Once wind facilities have been up and running for three years, the state levies a $1 per megawatt wind generation tax, in addition to sales and property taxes. Lawmakers instituted the wind generation tax in 2012.
The state’s revenue committee has repeatedly raised the possibility of boosting the tax (six times since 2016). But none of the attempts have been successful.
To advocates of a wind tax, that additional revenue is critical, comparing it to the severance taxes placed on oil and gas companies. Raising the tax to $4 per megawatt would bring the state an additional $1.9 billion. But that assumes the higher costs do not repel developers, the Center for Energy Economics and Public Policy found. And taxing could come with consequences, according to several experts interviewed by the Star-Tribune.

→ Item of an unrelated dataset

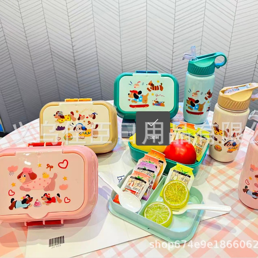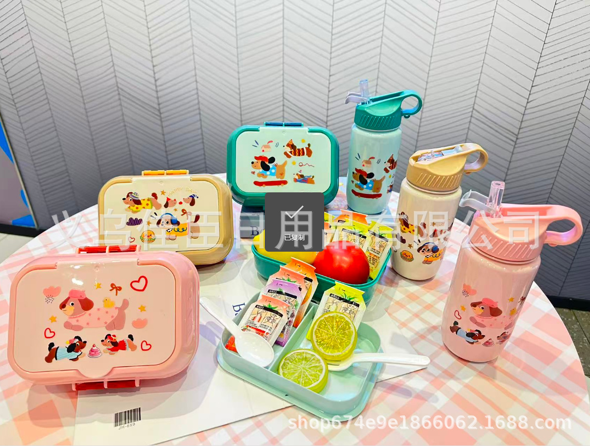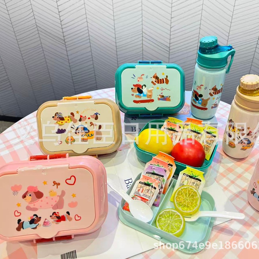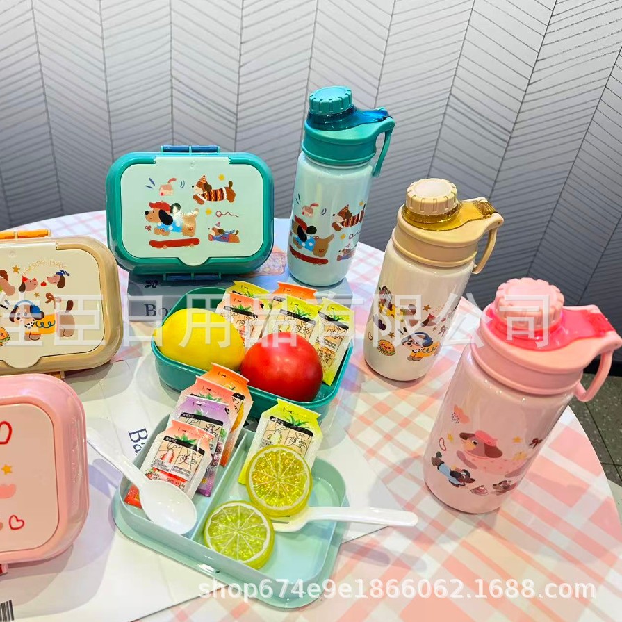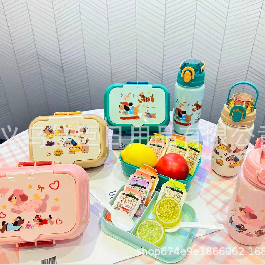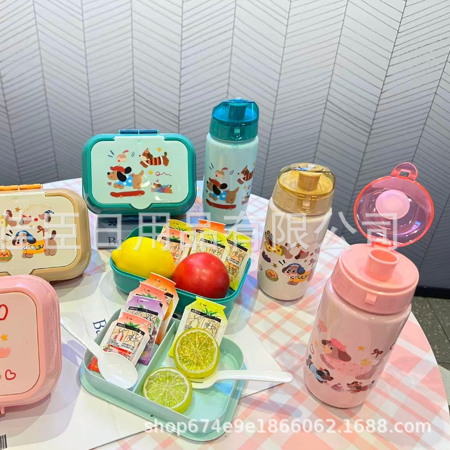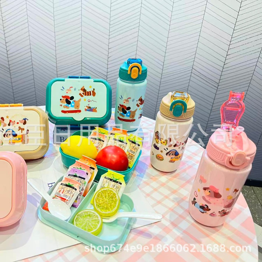 学生卡通便当盒水壶饭盒套装腊肠狗造型带餐具饭盒野餐跨境网红款
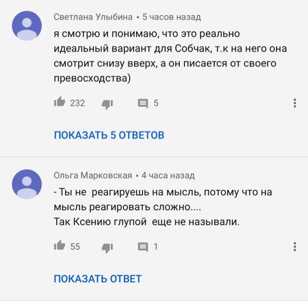 «Ты не реагируешь на мысль, потому что на мысль реагировать сложно. Так Ксению глупой еще не называли», - пишут инсайдеры. Ксении, по-видимому хочется, чтоб ее всячески унижали, а не носили на руках.

“Within Wyoming, the way we tax probably handicaps us with respect to our relative attractiveness compared to other states,” Godby said. “... If we had a major taxation change, like some of those that have been suggested in the past, that could be significantly change our cost competitiveness with neighboring states.”
Like clockwork, state lawmakers revived the recurrent call to enact a state wind tax in September — this time on electricity generation more broadly. The bill did not advance to session.
“The point to be made is: If you are going to change taxes, be very careful about how you do it because it will have unintended consequences,” Godby said. “Don’t assume that development will continue on the same course it has been.”